Hurley et al. (2001) did experiments to measure the value of soil tests and other information for variable application of N. Nitrogen was applied at controlled rates in a randomized block design across a field. Yield monitor data were then divided into local subplots within which one aggregated yield value was recorded for sites at each rate of N. A quadratic response function was postulated for each subplot. This cannot be estimated precisely, but its parameters were assumed to be a linear function of local soil test and other variables, and this function was assumed uniform across the field. It was possible to estimate parameters of this overall function and to use it to assess the value of different kinds of information. A similar method was used by Swinton et al. (2002).

This is a powerful method for identifying and calibrating relationships to predict local crop requirements. The method relies on the assumption that parameters of the local response function may be modeled as linear functions of the ancillary soil or other variables.

The preceding discussion shows that some developments in experimental method are needed to allow empirical estimation of local response functions at within-field scales without prior assumptions about how these depend on soil or other factors. The key requirements are as follows.

  1. It is necessary to map the variation in response to an input continuously in space so that the sensitivity with which differences in the response can be detected is not limited by the choice or the internal uniformity of subregions.
  2. It is necessary to estimate the standard errors of the parameters of the local response function, both to quantify the precision of the estimates and so that the effects of error in the estimates on derived quantities (such as the optimum response rate) can be obtained without bias.

To meet these requirements, we need practicable experimental designs that provide replicated and localized observations of the crop response. There is a conflict between these two requirements if we are constrained to use yield data aggregated over plots—like the 30- by 300-foot (approximately 9- by 91-m) plots used by Swinton et al. (2002).

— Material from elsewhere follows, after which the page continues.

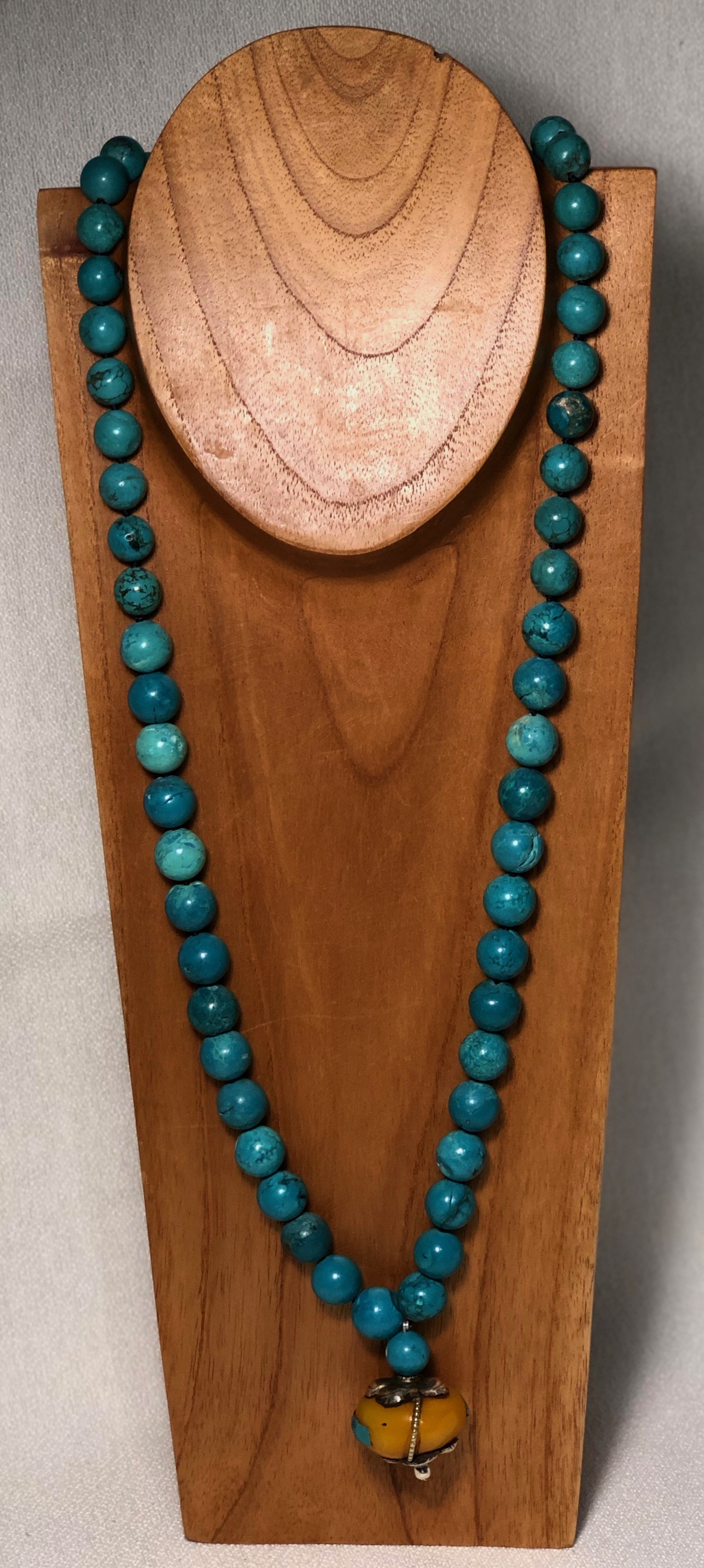 A stunning 42" strand of African turquoise with an African silve wrapped amber bead. $1500

If treatments are replicated with plots of this size, then the group of plots from which a local estimate of the response function is obtained will cover a substantial area and so are no longer localized.

In principle, localized response functions could be estimated in a practical experiment if yield data are collected with a conventional combine yield monitor after the input is applied variably with variable-rate technology. Many local yield estimates could be obtained corresponding to different rates of the input, and a local response function could be estimated. However, data from yield monitors have limitations. These are discussed in more detail below, but in short, the monitor yield for a location in space is not in fact a point measurement of yield but rather is a function of the crop yield along the combine harvester's trajectory through that location (Lark et al., 1997). This smoothes the measured fluctuations in yield, as may arise in response to experimentally varied rates of inputs, and so the local responsiveness of the crop to the input will be underestimated.

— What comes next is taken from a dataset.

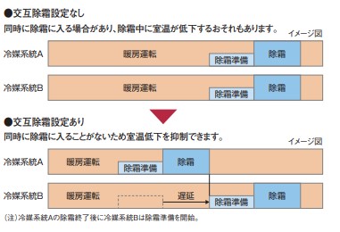 連絡配線(H-LINKII)に接続された2つの冷媒系統のうち、1つが除霜準備または除霜中の場合、除霜運転が終了するまでもう1つの冷媒系統は除霜運転を行わず、2つの冷媒系統が同時に除霜運転となることを防止します。同一フロアに2系統の空調システムがある場合に、室温低下を抑制できます。
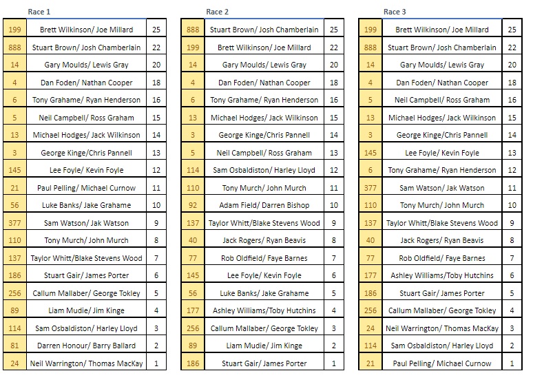 In the last championship race of the season Stuart Brown / Josh Chamberlain held a four-point championship advantage at the start of the race and were determined to keep it that way, but it was Brett Wilkinson / Joe Millard who took the hole shot from Gary Moulds / Lewis Gray with Dan Foden / Nathan Cooper third and Stuart Brown / Josh Chamberlain fourth. A big cheer went up from the Wilkinson Fans, and the Brown fans held their breath because they knew that if Brett Wilkinson / Joe Millard won this race Stuart Brown / Josh Chamberlain had to be second to retain the championship title. The battle was on. Brett Wilkinson / Joe Millard held the lead throughout doing everything they could to gain maximum points, the rest was outside their control. Behind Stuart Brown / Josh Chamberlain gradually moved forward, steady and leaving nothing to chance, they slotted into second place, and that was enough to take the championship win by just one point. What fantastic racing from both teams, in every race all season, nothing less than a third place in any race from either team. The large crowd appreciate that and gave both teams massive cheers as they crossed the line, as they did for Gary Moulds / Lewis Gray who took third in the championship. Dan Foden/ Nathan Cooper held fourth. A brilliant race behind for fifth place with Neil Campbell/ Ross Graham moving ahead of Michael Hodges/ Jack Wilkinson.

Pringle et al. (1999) estimated local response functions for a wheat crop from yield monitor data. Nitrogen was applied to plots at one of a few discrete rates. The yield data were then deconvolved (Lark et al., 1997; Whelan and McBratney, 1997), which in principle, reverses the smoothing effect. The deconvolved yield data for each level of the input were then analyzed separately using geostatistical methods to estimate the response of the crop at each level of the input at a grid of target sites across the field. At each target site, an estimate of yield corresponding to each level of the input was obtained. A response function was fitted to these estimates at each target site.

This is an ingenious strategy, but it has problems. It relies on deconvolution to reconstruct the true yield values, the disadvantages of which are discussed below. The method also assumes that the yields at any level of the input are intrinsically stationary random variables (Webster and Oliver, 2001), which will not always be plausible although it may be possible to limit this assumption to one of local stationarity if the data are sufficiently dense. Finally, it is not clear how to correctly estimate the standard error of the locally fitted model parameters.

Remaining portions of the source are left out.